Nothing should appear in the answer except the lines from the one with "大漢旋振篩篩分細(xì)至5" through the end of the listing below, transcribed exactly and without pictures.

• _Records for the task_:
_____

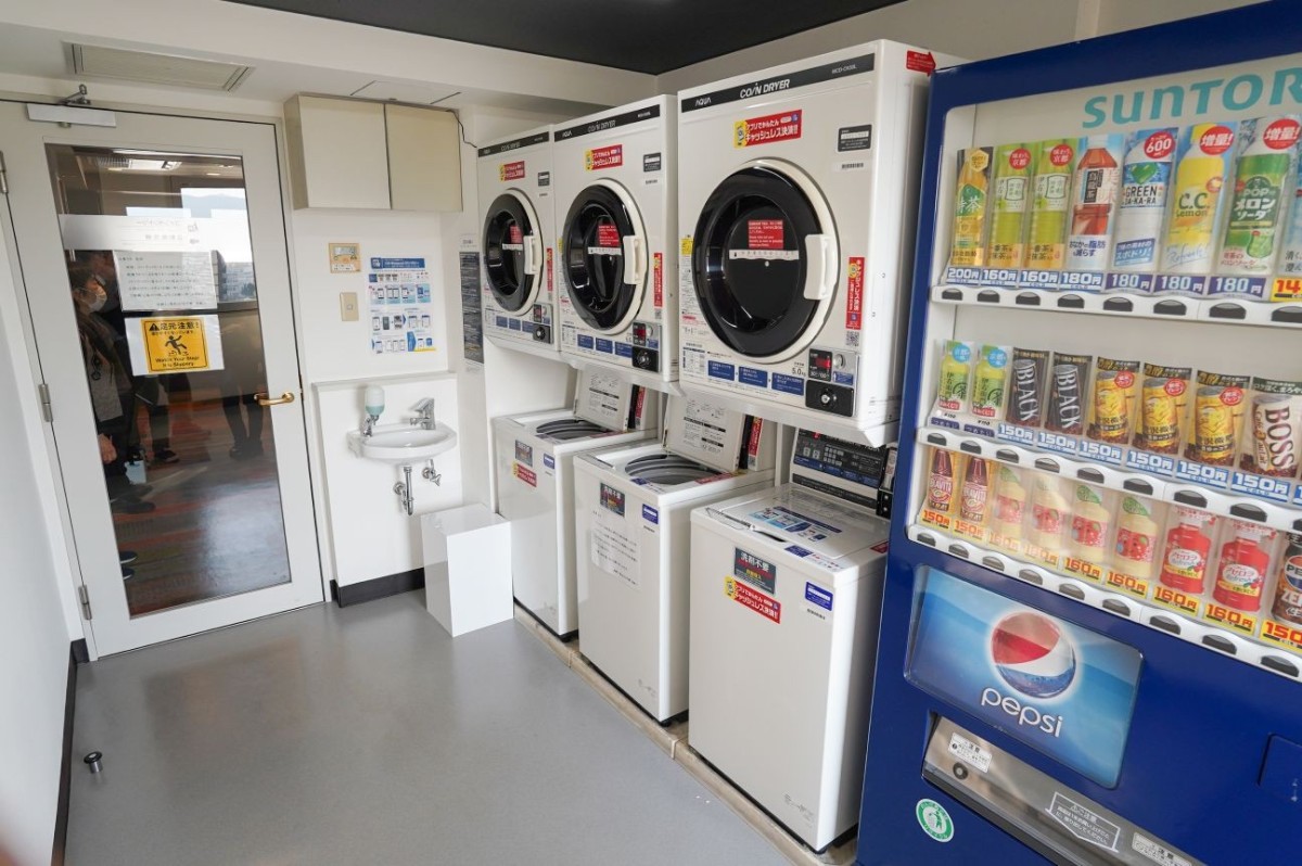 13階にあるコインランドリーと自動販売機 入口幅74センチ 自動販売機は1階北側にもある
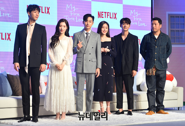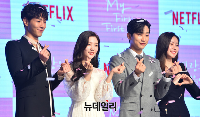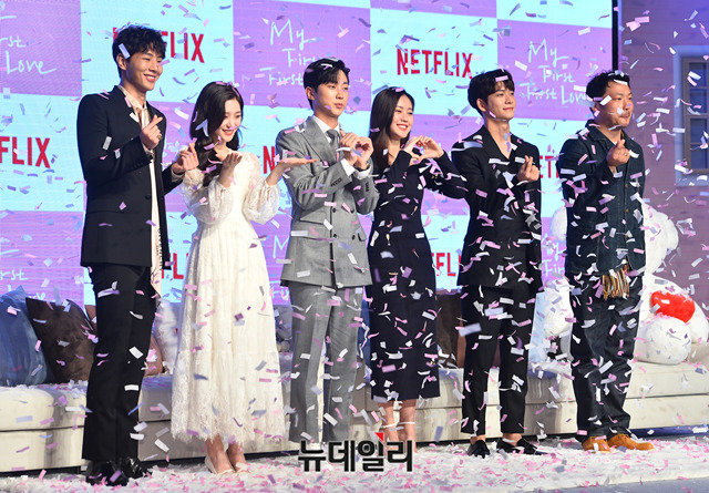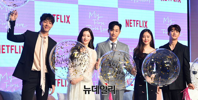 넷플릭스 오리지널 시리즈 '첫사랑은 처음이라서' 출연진이 12일 오전 서울 여의도 콘래드호텔에서 열린 제작발표회에 참석해 포토타임을 갖고 있다.
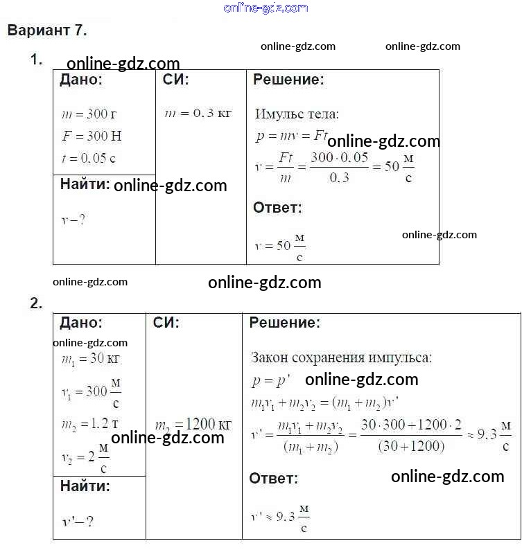 Готовые домашние задания по Физике за 9 класс Дидактические материалы Марон УМК 2019 - СР-11. Варианты Самостоятельные работы 7
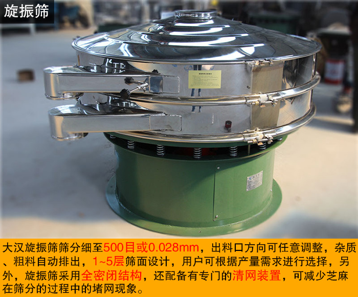 大漢旋振篩篩分細(xì)至500目或0.028mm,是一種高精度細(xì)粉篩分設(shè)備,出料口方向可任意調(diào)整,雜質(zhì)、粗料自動(dòng)排出,可連續(xù)作業(yè),1~5層篩面設(shè)計(jì),用戶可根據(jù)產(chǎn)量需求進(jìn)行選擇,另外,旋振篩采用全密閉結(jié)構(gòu),還配備有專門(mén)的清網(wǎng)裝置,可減少芝麻在篩分的過(guò)程中的堵網(wǎng)現(xiàn)象,極大的提高了篩機(jī)的篩分產(chǎn)量和篩分效率。
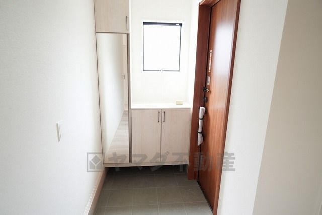 採光も考えられた明るい玄関です。たっぷり収納できるシューズボックス付きなので、家族全員の靴がきれいに整頓できます。

_____

• _Output_:
 大漢旋振篩篩分細(xì)至500目或0.028mm,是一種高精度細(xì)粉篩分設(shè)備,出料口方向可任意調(diào)整,雜質(zhì)、粗料自動(dòng)排出,可連續(xù)作業(yè),1~5層篩面設(shè)計(jì),用戶可根據(jù)產(chǎn)量需求進(jìn)行選擇,另外,旋振篩采用全密閉結(jié)構(gòu),還配備有專門(mén)的清網(wǎng)裝置,可減少芝麻在篩分的過(guò)程中的堵網(wǎng)現(xiàn)象,極大的提高了篩機(jī)的篩分產(chǎn)量和篩分效率。
 採光も考えられた明るい玄関です。たっぷり収納できるシューズボックス付きなので、家族全員の靴がきれいに整頓できます。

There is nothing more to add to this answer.